Although there will be no restoration of the cut, there could be half a billion in payments of pounds 5 per week for all families on Income Support. There will also be a new scheme costing about pounds 1bn which will pay up to 75 per cent of the childcare costs of the poorest families.
At present, childcare costs for up to two children under 12 are deducted from parents' earnings when they are being assessed for Family Credit. This means, for example, that a family with two children aged eight and 10 who bring home pounds 150 per week and pay pounds 50 for after-school care gets pounds 25 towards the cost. A family with four children aged three, seven, 13 and 17 earning pounds 300 per week but paying pounds 80 per week for a nursery place, plus pounds 20 for an out-of school club for the seven-year-old gets pounds 40. A single parent with a child under 11 earning pounds 120 per week and paying pounds 50 for child care gets an extra pounds 30.

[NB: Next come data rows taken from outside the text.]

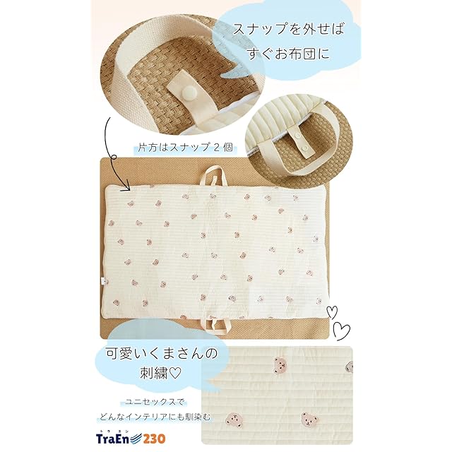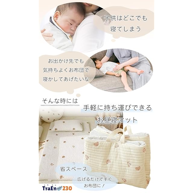 TraEn230 お昼寝布団セット 敷布団 ベビー用 保育園 敷き布団のみ 赤ちゃん お昼寝マット ベビー お昼寝布団バッグ (クマ)
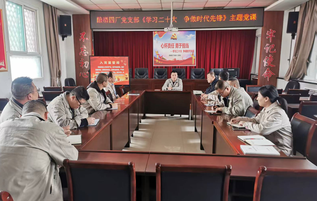 3月23日下午,酿酒四厂党支部书记王欣林为全体党员干部讲授《学习二十大 争做时代先锋---心怀责任 勇于担当》专题党课。
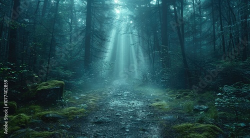 Fototapeta premium Sun rays pierce through misty forest, illuminating path ahead.
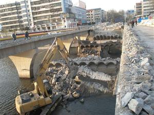 光明路桥位于光明路上,跨越湛河,连接光明北路和南路,是平顶山市的交通要道之一。根据现场实际情况,从安全、无公害方面出发本桥采取无震动、无噪音分层切割、机械拆除吊运配合人工作业的拆除方法进行施工。 | |

Now Family Credit, payable to those earning up to pounds 13,000, is to be replaced by the Working Families' Tax Credit, payable to those earning up to pounds 20,000 according to some reports.
Under the new proposals families will receive rebates on their tax, either directly or in their pay packets. With a limit of possibly pounds 100 per week, they could receive help for one or two children on a sliding scale with smaller payments to the better-off. Details of how this sliding scale will work are not yet clear, but it seems likely that the first of the two families above might receive a contribution of up to pounds 37.50, an extra pounds 12.50 per week, while the second family might receive up to pounds 75, an extra pounds 35 per week.
The Government's new proposals are designed to help all poor families rather than singling out lone parents, although there is evidence that it costs more to bring up a child alone.
Labour MPs who rebelled against cuts in lone-parent benefits welcomed the move, though. Audrey Wise, member for Preston, said the portents of the past few days were "very hopeful," She added: "I think we are going to be able to infer that the Government has listened, and I am in favour of governments who listen."
Figures published yesterday showed that the number of lone parents on Income Support fell by 40,000 in the year to last August, to 1.01 million.